Background: Pulmonary arterial hypertension (PAH) has been linked to mutations in genes encoding two members of the transforming growth factor-β family, BMPR2 and ALK1, the latter of which is also associated with hereditary haemorrhagic telangiectasia (HHT). Relatively little is known about the genetics of childhood PAH, or about the clinical features of PAH in young patients with an ALK1 mutation.

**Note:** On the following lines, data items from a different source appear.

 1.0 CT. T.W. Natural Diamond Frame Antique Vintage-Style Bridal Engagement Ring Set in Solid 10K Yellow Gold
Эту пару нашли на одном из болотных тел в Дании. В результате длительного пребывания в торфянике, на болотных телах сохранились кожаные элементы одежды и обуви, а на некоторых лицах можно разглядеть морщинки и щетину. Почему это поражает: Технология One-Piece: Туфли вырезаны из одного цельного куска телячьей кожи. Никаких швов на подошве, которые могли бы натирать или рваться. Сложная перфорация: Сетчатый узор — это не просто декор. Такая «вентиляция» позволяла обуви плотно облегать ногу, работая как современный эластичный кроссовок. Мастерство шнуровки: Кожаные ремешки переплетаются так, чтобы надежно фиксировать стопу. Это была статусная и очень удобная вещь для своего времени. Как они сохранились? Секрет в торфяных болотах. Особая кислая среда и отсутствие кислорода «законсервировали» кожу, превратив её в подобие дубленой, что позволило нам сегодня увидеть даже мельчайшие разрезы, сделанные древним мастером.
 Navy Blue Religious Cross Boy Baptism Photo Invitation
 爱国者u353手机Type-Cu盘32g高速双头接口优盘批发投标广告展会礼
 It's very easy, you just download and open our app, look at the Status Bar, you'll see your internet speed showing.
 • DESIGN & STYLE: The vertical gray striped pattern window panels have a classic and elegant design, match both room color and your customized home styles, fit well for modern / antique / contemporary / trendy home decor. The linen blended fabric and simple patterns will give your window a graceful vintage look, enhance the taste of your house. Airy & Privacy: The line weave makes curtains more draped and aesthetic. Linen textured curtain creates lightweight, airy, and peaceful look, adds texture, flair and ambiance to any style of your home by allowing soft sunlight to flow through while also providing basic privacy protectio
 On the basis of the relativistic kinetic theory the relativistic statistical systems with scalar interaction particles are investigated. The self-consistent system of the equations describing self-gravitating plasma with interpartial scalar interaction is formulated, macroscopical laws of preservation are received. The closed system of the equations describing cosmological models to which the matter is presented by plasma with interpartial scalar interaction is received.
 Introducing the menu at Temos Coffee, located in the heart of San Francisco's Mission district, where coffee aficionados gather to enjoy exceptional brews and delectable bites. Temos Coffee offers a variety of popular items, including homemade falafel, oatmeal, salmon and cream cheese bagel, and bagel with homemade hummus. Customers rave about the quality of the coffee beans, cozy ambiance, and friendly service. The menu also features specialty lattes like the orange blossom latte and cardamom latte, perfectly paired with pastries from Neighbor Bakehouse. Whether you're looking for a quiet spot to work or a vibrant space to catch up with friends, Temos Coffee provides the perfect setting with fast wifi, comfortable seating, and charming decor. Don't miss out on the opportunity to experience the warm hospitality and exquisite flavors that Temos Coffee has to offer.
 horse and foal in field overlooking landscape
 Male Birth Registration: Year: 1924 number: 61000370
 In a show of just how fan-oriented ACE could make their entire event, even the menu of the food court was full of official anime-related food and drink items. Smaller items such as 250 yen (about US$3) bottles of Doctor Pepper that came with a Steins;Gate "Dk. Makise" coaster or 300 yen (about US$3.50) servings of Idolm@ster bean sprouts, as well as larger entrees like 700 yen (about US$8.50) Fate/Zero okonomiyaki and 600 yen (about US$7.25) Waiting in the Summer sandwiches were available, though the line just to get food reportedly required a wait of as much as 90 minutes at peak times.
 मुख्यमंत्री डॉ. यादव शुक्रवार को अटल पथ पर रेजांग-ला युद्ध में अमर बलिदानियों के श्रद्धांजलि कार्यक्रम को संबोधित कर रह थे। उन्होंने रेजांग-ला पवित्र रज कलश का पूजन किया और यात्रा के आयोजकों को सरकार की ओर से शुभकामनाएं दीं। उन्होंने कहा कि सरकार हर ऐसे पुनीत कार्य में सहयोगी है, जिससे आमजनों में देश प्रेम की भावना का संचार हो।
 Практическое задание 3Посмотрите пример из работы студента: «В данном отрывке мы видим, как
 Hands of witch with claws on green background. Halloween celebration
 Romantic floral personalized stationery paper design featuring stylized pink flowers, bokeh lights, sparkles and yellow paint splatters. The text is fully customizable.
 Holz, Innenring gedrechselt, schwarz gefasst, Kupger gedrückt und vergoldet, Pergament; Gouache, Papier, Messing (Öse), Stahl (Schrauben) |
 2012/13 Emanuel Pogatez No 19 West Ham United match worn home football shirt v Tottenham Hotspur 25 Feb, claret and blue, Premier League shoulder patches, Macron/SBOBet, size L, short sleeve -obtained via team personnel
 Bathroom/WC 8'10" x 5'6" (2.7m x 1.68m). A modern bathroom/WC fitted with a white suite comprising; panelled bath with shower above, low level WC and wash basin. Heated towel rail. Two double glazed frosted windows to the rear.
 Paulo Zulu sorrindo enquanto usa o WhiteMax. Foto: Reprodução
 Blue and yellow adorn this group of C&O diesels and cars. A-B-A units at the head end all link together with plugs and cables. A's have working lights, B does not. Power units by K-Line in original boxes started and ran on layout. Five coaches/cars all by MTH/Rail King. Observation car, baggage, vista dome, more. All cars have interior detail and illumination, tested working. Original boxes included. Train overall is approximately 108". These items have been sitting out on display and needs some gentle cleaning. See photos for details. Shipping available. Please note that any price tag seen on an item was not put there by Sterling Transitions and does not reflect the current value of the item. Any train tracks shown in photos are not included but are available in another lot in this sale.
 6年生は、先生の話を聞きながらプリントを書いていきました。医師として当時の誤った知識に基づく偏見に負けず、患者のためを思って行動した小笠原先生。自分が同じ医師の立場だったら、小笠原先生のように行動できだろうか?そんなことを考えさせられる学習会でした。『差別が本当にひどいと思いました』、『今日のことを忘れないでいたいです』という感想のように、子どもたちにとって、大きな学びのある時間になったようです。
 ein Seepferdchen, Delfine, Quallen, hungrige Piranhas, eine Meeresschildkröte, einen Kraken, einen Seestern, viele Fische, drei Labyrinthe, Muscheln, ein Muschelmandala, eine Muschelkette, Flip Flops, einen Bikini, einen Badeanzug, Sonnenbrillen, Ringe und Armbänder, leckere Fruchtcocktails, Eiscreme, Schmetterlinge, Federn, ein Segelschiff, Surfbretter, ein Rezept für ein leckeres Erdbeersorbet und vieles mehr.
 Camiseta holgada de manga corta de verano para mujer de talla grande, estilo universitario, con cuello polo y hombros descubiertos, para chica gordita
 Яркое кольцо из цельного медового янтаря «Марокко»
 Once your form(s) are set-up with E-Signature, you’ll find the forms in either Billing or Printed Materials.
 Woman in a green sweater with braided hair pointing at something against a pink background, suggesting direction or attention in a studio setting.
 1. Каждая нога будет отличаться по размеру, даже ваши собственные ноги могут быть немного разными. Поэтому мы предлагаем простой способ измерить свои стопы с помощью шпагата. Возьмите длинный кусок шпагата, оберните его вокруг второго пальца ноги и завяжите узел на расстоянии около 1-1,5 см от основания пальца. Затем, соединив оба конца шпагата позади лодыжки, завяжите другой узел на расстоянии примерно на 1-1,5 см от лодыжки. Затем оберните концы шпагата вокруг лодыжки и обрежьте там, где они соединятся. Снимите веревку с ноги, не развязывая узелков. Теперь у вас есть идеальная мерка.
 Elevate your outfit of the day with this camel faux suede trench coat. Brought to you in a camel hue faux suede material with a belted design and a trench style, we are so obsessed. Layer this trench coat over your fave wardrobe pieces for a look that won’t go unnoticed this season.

Methods and Results: Three individuals diagnosed with PAH at 4, 16 and 17 years of age were found on subsequent genetic screening to have non-synonymous mutations of ALK1. All probands met criteria for HHT, although two presented with PAH before HHT was diagnosed. Extended family history revealed relatives with HHT in all three kindreds, a presumptive family history of PAH in two, one with multiple family members dying from PAH at young ages. All three patients in this series had systemic or suprasystemic right ventricular pressure and significantly elevated pulmonary vascular resistance, initially not responsive to oxygen and/or inhaled nitric oxide. All patients had pulmonary arteriovenous malformations and systemic arterial desaturation.

Conclusion: This report highlights ALK1 mutations associated with a variable PAH phenotype, including pulmonary arteriovenous malformations and severe PAH presenting early in life. Echocardiographic screening for elevated right ventricular pressure may be indicated in patients with HHT, particularly those with an identified ALK1 mutation. Clinical features or a family history of HHT should be elicited in children and adolescents with idiopathic PAH; ALK1 screening may be appropriate when such features are present.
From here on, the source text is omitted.